Because I like cycling. It is very important for me to, it is not like point-to-point, what is the exact shortest way from A to B?
[Sally, 21] I use Google Maps almost everyday. Everywhere in London, not only to find where to go, but find like the nearest supermarket or the nearest gym, or whatever. And I also use things like a tube route to find out how to get there fastest by tube or when the next bus is coming. I use it quite often.
It is sometimes more important to know one’s whereabouts than to have something to tell you when to turn right and left. Since maps on smartphones provide the user with familiarity, they can contribute to place attachment and the establishment of a sense of place of somewhere new. According to Fullilove (1996),
‘to be attached is to know and organize the details of the environment’ (Fullilove cited in Scannell and Gifford, 2010, p.3). This form of use of locational information can thus create a form of attachment to a specific spatial environment. In one of the group discussions, Larry explained how he uses his check-ins to remember places that he had visited previously:
[Larry, 35] If I have to meet somebody, and if I have no idea or something, I just know that I look on the Google maps and the station, if I need to go to the station, and then I say what is the name of the place and when I am sure where it was, I would say checked-in on Foursquare.
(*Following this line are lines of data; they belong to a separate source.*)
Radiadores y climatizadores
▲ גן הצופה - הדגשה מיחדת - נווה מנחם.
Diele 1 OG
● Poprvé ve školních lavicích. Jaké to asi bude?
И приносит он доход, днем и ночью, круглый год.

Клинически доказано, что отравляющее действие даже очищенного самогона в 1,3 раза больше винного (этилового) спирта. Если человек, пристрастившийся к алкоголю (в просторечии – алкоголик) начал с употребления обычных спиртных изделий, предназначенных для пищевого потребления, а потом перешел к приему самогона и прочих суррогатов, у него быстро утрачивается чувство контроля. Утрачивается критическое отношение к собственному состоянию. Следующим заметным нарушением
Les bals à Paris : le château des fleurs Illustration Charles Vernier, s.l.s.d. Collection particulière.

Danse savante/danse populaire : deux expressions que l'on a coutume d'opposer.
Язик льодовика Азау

Although Foursquare is always about self-display and self-presentation, in the quote above Larry implies that his checking-in at a place and sharing locational information is not to present his self or to present a place, but rather to allow him to find that place the next time he visits. As such, it would be erroneous to say that users of mobile and locative media share their locational information with people just because they want to show-off or reveal an aspect of their identity. Although this is certainly true for some, the different aspects of sharing locational information should be analysed. In this case, the places where Larry checks-in are not necessarily special places, as the Spanish Bar was for Rodney. While it may be a very random place, by sharing the information and making it available for later retrieval, Larry is able to generate a kind of local knowledge of London.
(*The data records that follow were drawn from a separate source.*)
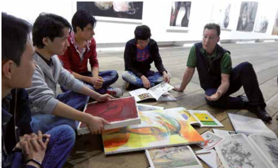
Die Steyrer Kunstgruppe ART64 hat bei einem sozialen Projekt jungen Männern aus Kriegs- und Krisengebieten den Weg zur Malerei gezeigt. Die dabei entstandenen Werke werden bei der Jubiläums-Ausstellung ab 12. September in der Schlossgalerie präsentiert.

ART64 engagiert sich auch für Menschen, die mit schweren Schicksalsschlägen zu kämpfen haben: Die Gruppe hat vor kurzem elf jungen Männern aus Kriegs- und Krisengebieten wie Afghanistan, Syrien, Somalia und Bangladesh den Weg zur Malerei gezeigt. Die dabei entstandenen Werke werden bei der Jubiläums-Ausstellung im September präsentiert.
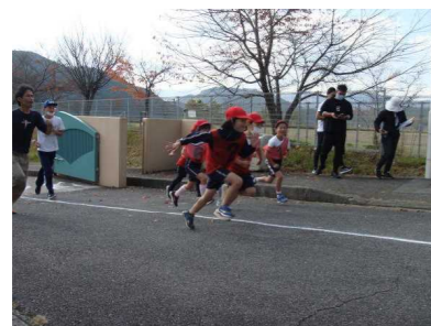
【 1000m 】

11月2日に1年生～6年生の校内マラソン大会を開催しました。2週間前からまずは、朝タイムの時間を利用して「かけ足」をスタート。1000m、1800m、2600mのコースから自分がチャレンジしようと思うコースを選んで、自己記録の更新を目指して一人ひとりが力走を見せてくれました。走り終わった人が、友だちに励ましの声援を送っていた姿を見ることができ微笑ましく思いました。保護者の皆様、応援ありがとうございました。
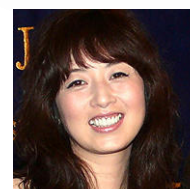
高岡早紀 幸せについて質問。
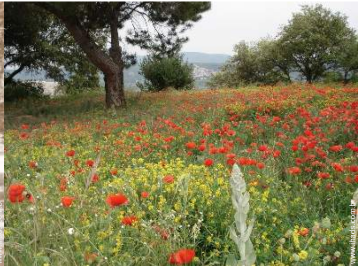
vista de campo
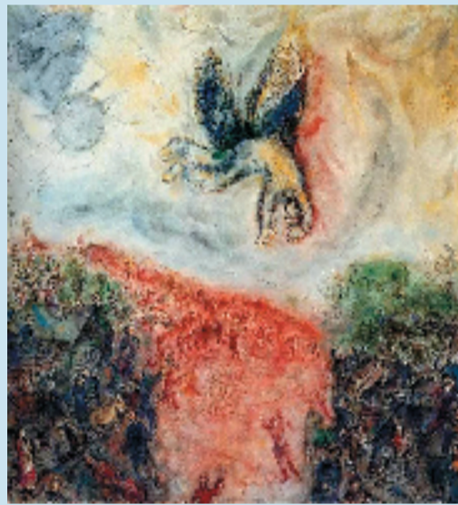
夏加尔 伊卡洛斯的坠落 1975年
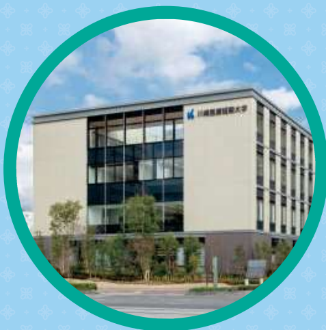
川崎医療短期大学 総合受付
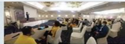
โรงพยาบาลสมิติเวช ธนบุรี ออกบูธกิจกรรม งานประชุมตัวแทนประกัน AIA

เมื่อวันที่ 10 กุมภาพันธ์ 2563 รพ.สมิติเวช ธนบุรี ได้ออกบูธกิจกรรมงานประชุมตัวแทนประกัน AIA โดยให้บริการตรวจวัดความดันโลหิต ตรวจวัดไขมันในเลือด ตรวจวัดน้ำตาลในเลือด และให้บริการให้คำปรึกษาเกี่ยวกับสุขภาพ
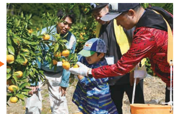
※令和5年度 収穫体験 風景

昨年のおぐり体験隊はミカンを収穫しましたが、今年のおぐり体験隊は、浜松市浜北地区で、トウモロコシとミニトマトの収穫をします。生命の源である農業を体験することで、毎日食べている農産物がどのように生産されているのか知ってもらえることができるプログラムを組みました。農業の魅力や農作物が手間ひまかけて育てられていることを学んでほしいと思います。一緒にがんばりましょう!!
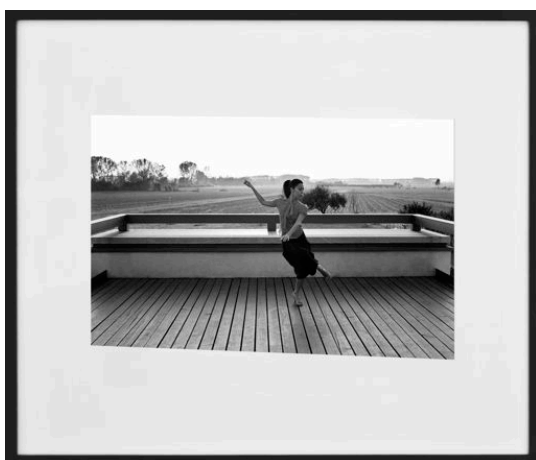
Spleen #2, Franz interpreted by Alessio, 2010 Courtoisie Studio Guenzani, Milan Courtoisie de l'artiste
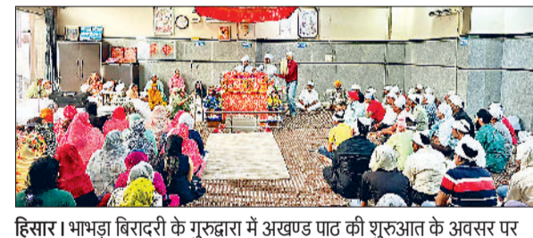
हिसार। भाभड़ा बिरादरी के गुरुद्वारा में अखण्ड पाठ की शुरुआत के अवसर पर उपस्थित श्रद्धालु।
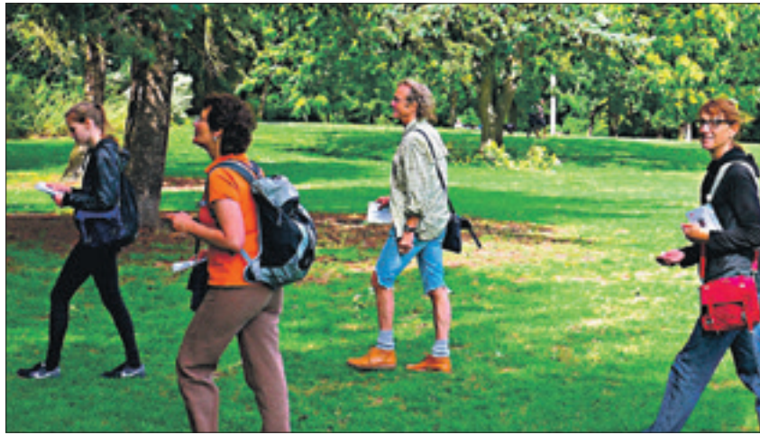
Mehr als ein Spaziergang bietet der Aktivierungs-Walk.

Volkshochschule verknüpft Bewegung und Merkfähigkeit am Tegeler See

Whether used as a tool for the transfer of knowledge or for the discovery of new places in the world, maps have always served our need and desire to be mobile.
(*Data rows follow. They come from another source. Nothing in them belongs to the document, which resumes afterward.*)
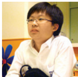
1. 因沉迷打機，不能在祖母臨死前見她最後一面，成了徐仔的遺憾。

徐仔現在讀中二，他自小學四年級開始沉迷於電腦遊戲中，他告訴我們情況是這樣的：每天除了上學以外，其餘時間都用來上網打機，每星期打七十二小時。由於要盡用一切時間，所以通常兩天才洗一次澡，刷牙的功夫更是省略了。
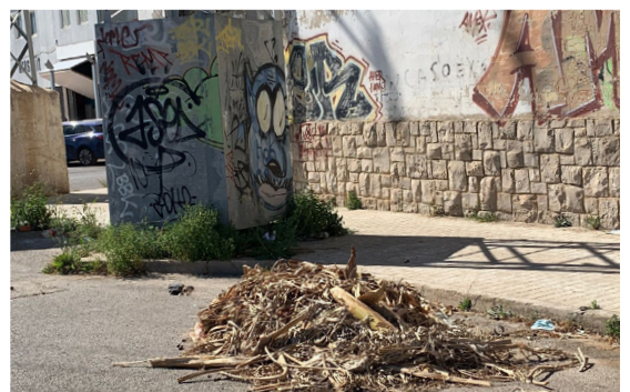
Calle 220. Restos de poda depositados sin control.
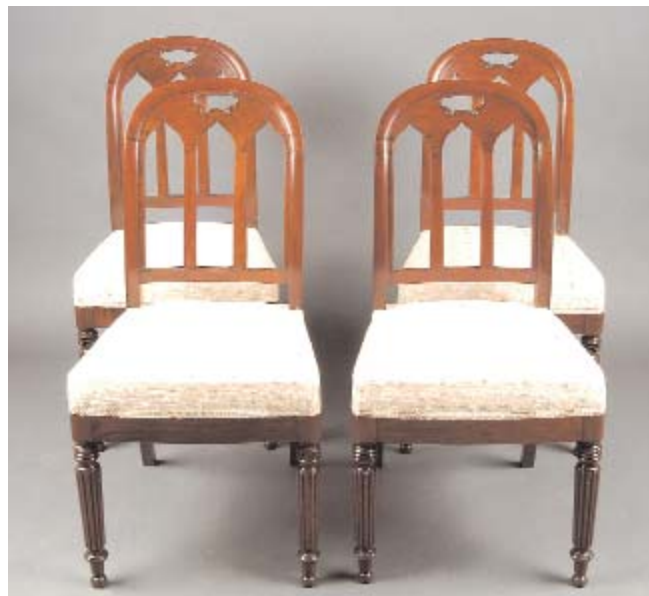
602 QUATRO CADEIRAS RESTAURAÇÃO EM MOGNO, assentos estofados, marcadas a carimbo "JALLOT", francesas, séc. XIX, pequenos defeitos Dim. - 87 x 45 x 40 cm
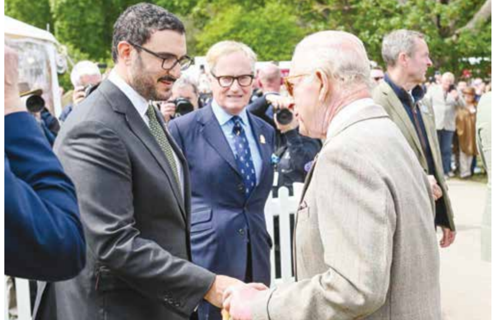
نيابة عن جلالة الملك المعظم سمو الشيخ عيسى بن سلمان لدى حضوره مهرجان ويندسور الملكي للفروسية.

Maps have always been portable, and mobility is not only specific to maps that we carry on our mobile devices. However, with the introduction of GPS-enabled mobile technologies into our everyday lives we have started to become dependent on the routes or directions that map applications generate for us. It must be said that this dependency is not only a result of having the technology ready-at-hand, as the very nature of the fast metropolitan lifestyle also plays a role. One cannot communicate directly with fellow commuters or cannot guess who has local knowledge of any given city and who does not, and in this sense, landmarks still play a crucial role as a primary source in learning the spatial environment. That said, mobile communication devices, and especially smartphones, have started to affect
how one navigates, and hence learn new places in a city. As the study reveals, for some, mobile maps allow them, to some extent, to become familiar with new places, but they can also limit our spatial learning if used only as secondary sources of spatial information. Most importantly, as the first cartographic maps of the world reveal, they act not only as supplementary sources, but also as sources of a direct experience, enhancing one’s awareness of the spatial environment socially. To conclude, the maps contained within our mobile devices remind us of our own exploratory and adventurous nature by allowing us to discover and explore things in a serendipitous manner.